The examples in above two paragraphs illustrate well enough the inherent problem with Mr Happ’s theorising. It is not science, and it neglects or ignores the huge intellectual gains in understanding that have been made, collectively and over many decades and involving millions of man hours, in the disciplines of atmospheric, chemical and physical sciences, Earth systems analysis, biological sciences, mathematics, statistics and computational modelling. All of these fields of intellectual endeavour contribute to science’s general and specific understanding of the structure, functioning and response to perturbation of the global climate system. And I’ve not listed many sub-disciplines, nor considered the humanities and social sciences, economics, or engineering – all of which contribute greatly to our understanding of the broader issues – especially with respect to the impacts of climate change and our ability (or not) to manage and mitigate it.

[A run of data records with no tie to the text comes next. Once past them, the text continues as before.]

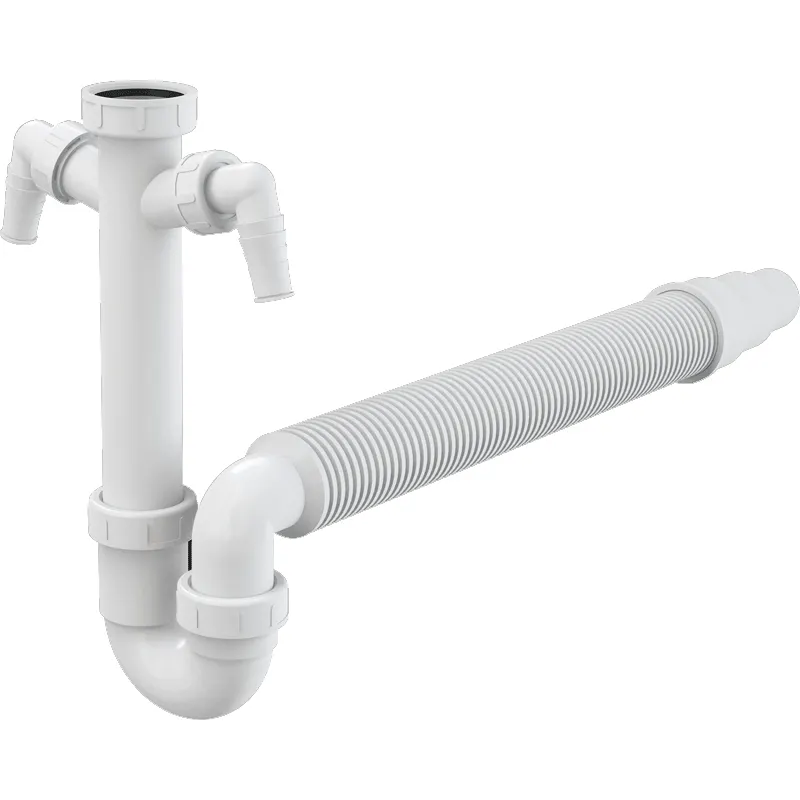 Сифон для кухонной мойки Alcaplast A84-DN50/40 изготавливается из высококачественных материалов.Подключение к канализационной трубе 40 мм или резьбовым соединением 7/4.Два штуцера для подключения стиральной машины или посудомоечной машины.Материал: полипропилен.Технические характеристики:Гидрозатвор: 64 mm.Сток воды: 60 l/min.Термическая устойчивость: 95 градусов.Диаметр шлангового штуцера: 17 23 mm.В комплекте поставки:Корпус сифона с двумя штуцерами.Гофрированный гибкий шланг.Резьбовое соединение 6/4 для подключения слива мойки или раковины.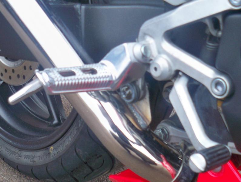 Whereas the Buell swap is much cheaper and bring the pegs down about an inch, they also put them back about 3/4" rather than straight down. I eventually wanted them more straight down, so I went with the 8 position adjustable MFW Vario 2-pc adapter/arms and "racing" pegs which cost about $90 total. I got the 1.18" (30mm) lower adapter brackets (arms) but they make 25MM & 50mm brackets too; I thought 50mm ( about 2") was too much. I posted a thread about this before with pics.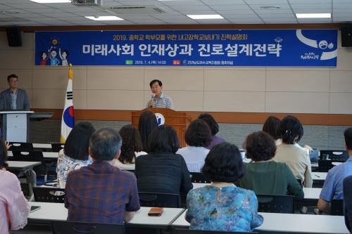 Àü¶ó³²µµ¿©¼ö±³À°Áö¿øÃ»(±³À°Àå ±è¿ë´ë)Àº Áö³­ 7¿ù 4ÀÏ(¸ñ) ¿ÀÀü 10½Ã ±³À°Ã» 2Ãþ ´ëȸÀǽǿ¡¼­ ¿©¼öÁö¿ª ÁßÇб³ 3Çгâ Çкθð 150¿©¸íÀ» ´ë»óÀ¸·Î ¡®¿©¼öÀÇ ÀÎÀçµéÀ» À§ÇÑ ¹Ì·¡»çȸ ÀÎÀç»ó°ú °í±³ Áø·Î¼³°èÀü·«¡¯À̶ó´Â ÁÖÁ¦·Î ³»°íÀåÇб³ º¸³»±â Çкθð ÁøÇм³¸íȸ¸¦ °³ÃÖÇß´Ù.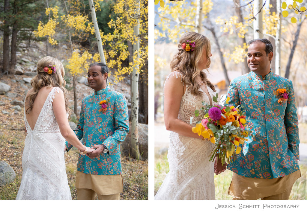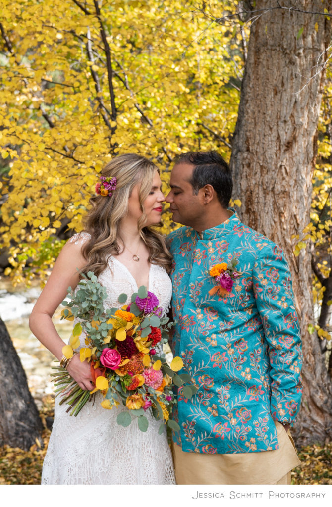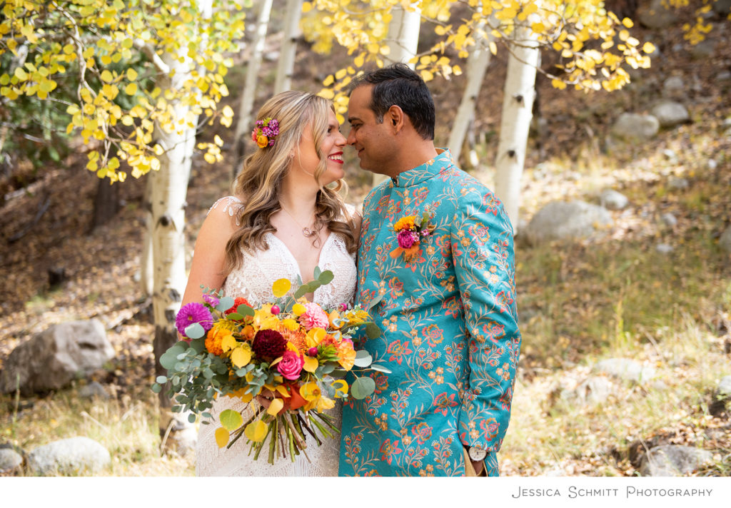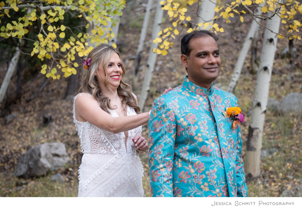 He proposed at home, the day we were leaving for India, just a few hours before our flight. I wouldn’t have wanted it any other way. Just the two of us in our home. We had a relatively short trip but had a great time. His family was so loving and welcoming. The plan was to have our wedding in India in January 2023 and then a stateside wedding in the Spring or Summer of 2023. However, due to my mom’s cancer treatment, we decided to move things up. Memorial Day weekend, I called Mount Princeton Hot Springs Resort and they had an opening for October the 8th and we set the date. Mount Princeton is very special to me and my family. It wasn’t hard to sell Sandeep on it either when we starting visiting the resort a few years ago.”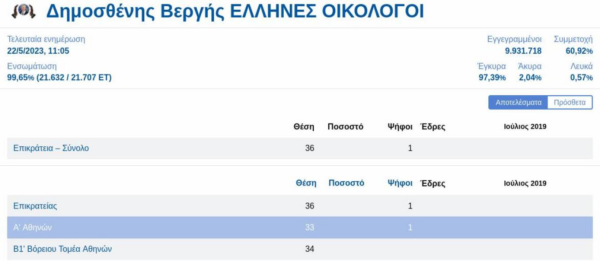 Μόλις μία ψήφο έλαβε η παράταξη «Έλληνες Οικολόγοι» του Δημοσθένη Βεργή η οποία μάλιστα δεν ήταν καν δικιά του!

But this is sufficient to underscore an important point. Our current scientific understanding of global warming and climate change impacts is not the domain of one, quirky field. Indeed the leading peer-reviewed journal Climatic Change is explicitly multidisciplinary in its mandate – after all, that is the nature of the problem. Yet Mr Happ, and others who promote themselves as ‘sceptical’ of mainstream science, due to a whole host of underlying motivations, choose to dismiss as irrelevant all of these contributions and advances aside in favour of his/their narrow, personal speculation.

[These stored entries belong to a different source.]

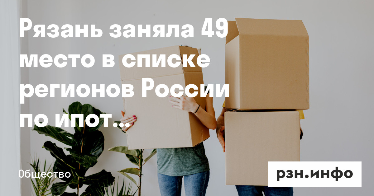 РИА Рейтинг список регионов России по ипотечным платежам. Рязанская область расположилась на 49 месте.
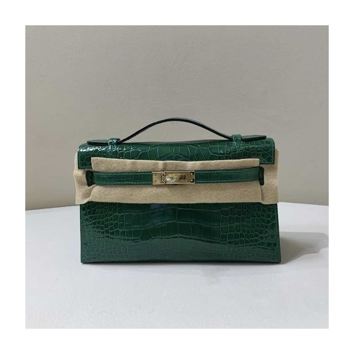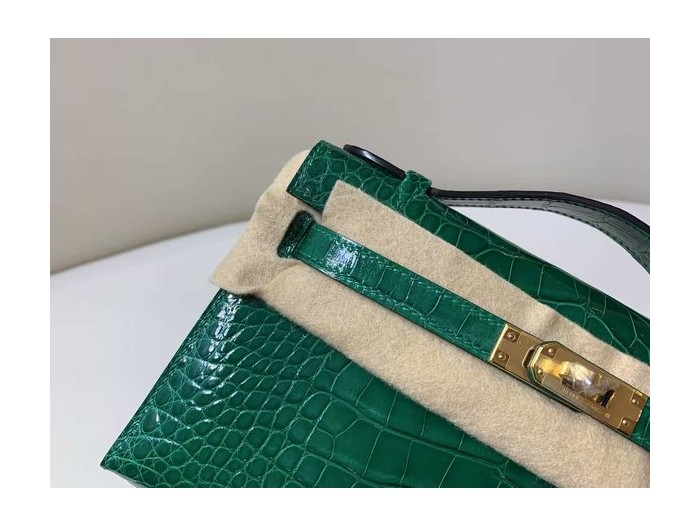 Hermès Kelly Pochette Shiny Alligator Vert Veronese GHW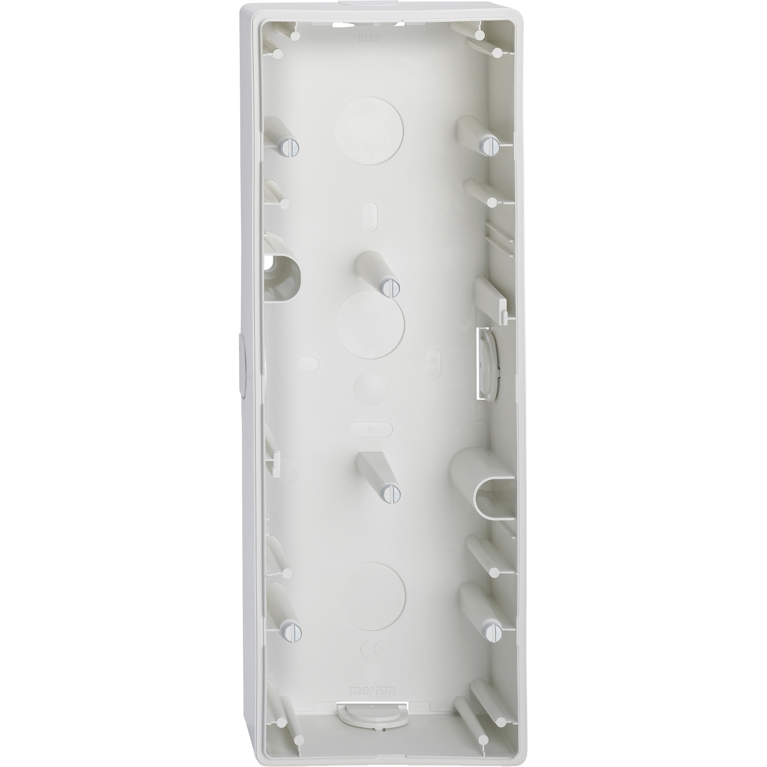 Mit geschlossenem Boden und Führungsnuten für Trennwände. 4 vorgeformte Leitungseingänge, verschlossen mit Blindschiebern. Auf jeden Baustoff montierbar. Führung für Trennwand.

As a rule of thumb, those working for an organisation which conducts primary research on climate science (e.g. CSIRO or Universities), and publishes this work in peer-reviewed scientific journals (the industry gold standard), should have their theories taken seriously. This is because they are following the scientific process – the same process that underpins the massive literature reviews of the Intergovernmental Panel on Climate Change (IPCC) assessment reports, and indeed the same process that has taken man to the moon, decoded the genome, and given you digital watches, laptop computers and automobiles. In any research field there will, of course, be diverse opinions about causes and effects – the positing, testing and overturning of theory and hypotheses are at the very core of science. Provided such arguments are bound by empirical or experimental evidence, and have survived rigorous pre-publication scrutiny and review, then they should be considered a valid viewpoint.
Mr Happ’s have not, and it would be foolhardy indeed to dismiss mitigation of greenhouse gases and adaptation to climate change as irrelevant to the wine industry on this basis.

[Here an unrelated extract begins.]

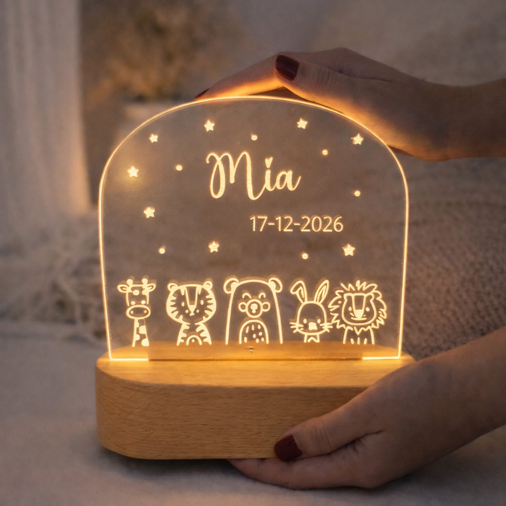 Safari nachtlamp met naam – warm licht voor de baby- en kinderkamer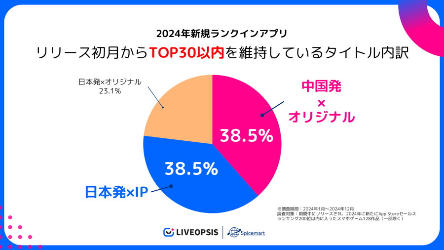 スパイスマートは、スマホゲーム専門の運営ソリューション『LIVEOPSIS』の「新規ランクインアプリ」機能を活用し、2024年に新たにApp Storeセールスランキング200位以内に入ったスマホゲームを調査した。対象となった128作品についてジャンル別傾向、IP活用状況、パブリッシャーの地域分布、ランキング初動順位などを集計し、新作アプリのトレンドを分析している。

I should note that Erl later emailed me, saying he was glad to have elicited a response, was happy to continue the ‘debate’, but was (unsurprsingly) unconvinced by my rebuttal. I have not yet had time to reply to him, but I should say that he was most genial (unlike many who write to me!), and I don’t wish to disparage him by the above critique. I’m simply pointing out that in this matter he is wrong. Quite wrong. I hope you’ll read his article in full and appreciate for yourself why.